Does anybody know how much memory is used by a numpy ndarray? (with let's say 10,000,000 float elements).

The array is simply stored in one consecutive block in memory. Assuming by "float" you mean standard double precision floating point numbers, then the array will need 8 bytes per element.
In general, you can simply query the nbytes attribute for the total memory requirement of an array, and itemsize for the size of a single element in bytes:
>>> a = numpy.arange(1000.0)
>>> a.nbytes
8000
>>> a.itemsize
8
In addtion to the actual array data, there will also be a small data structure containing the meta-information on the array. Especially for large arrays, the size of this data structure is negligible.
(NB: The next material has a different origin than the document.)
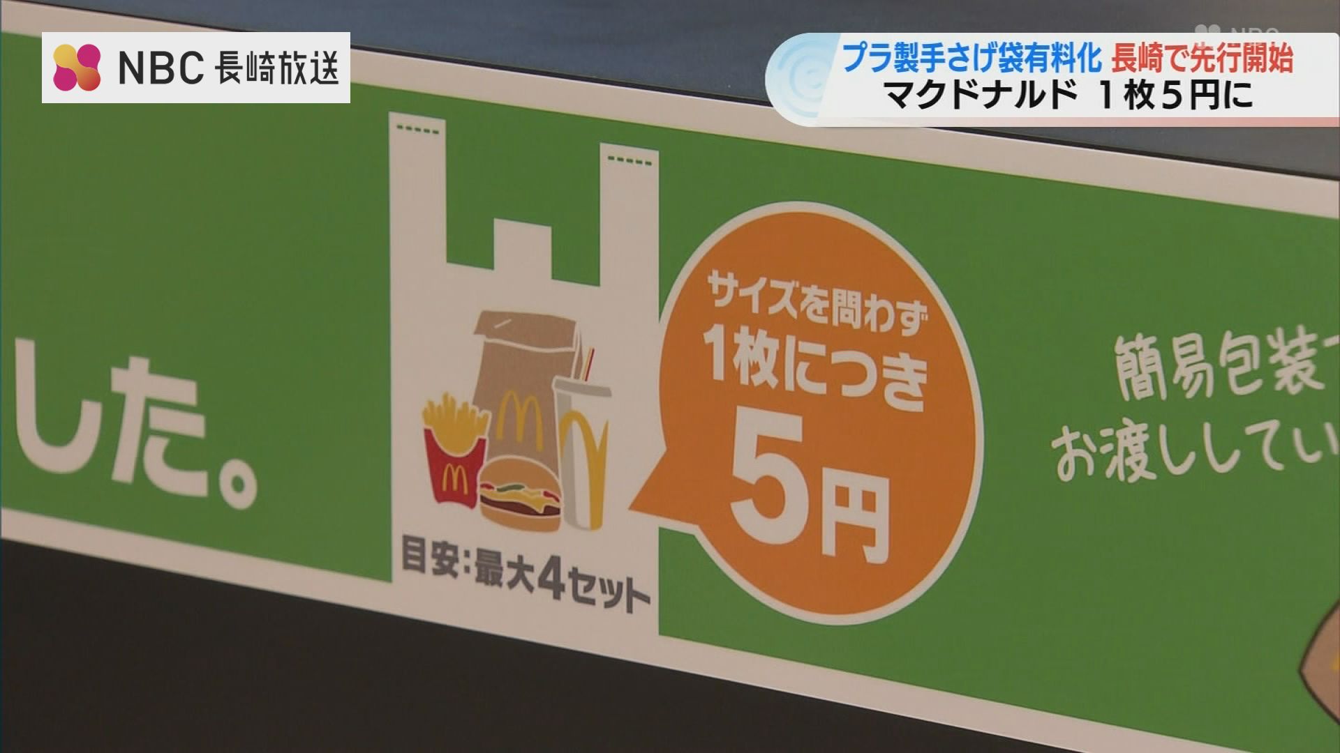 長崎県内のマクドナルドの23店舗では、全国に先駆けて、3日から持ち帰り用のプラスチック製の手提げ袋が有料となりました。

To get the total memory footprint of the NumPy array in bytes, including the metadata, you can use Python's sys.getsizeof() function:
import sys
import numpy as np
a = np.arange(1000.0)
sys.getsizeof(a)
8104 bytes is the result
sys.getsizeof() works for any Python object. It reports the internal memory allocation, not necessarily the memory footprint of the object once it is written out to some file format. Sometimes it is wildly misleading. For example, with 2d arrays, it doesn't dig into the memory footprint of vector.
See the docs here. Ned Batcheldor shares caveats with using sys.getsizeof() here.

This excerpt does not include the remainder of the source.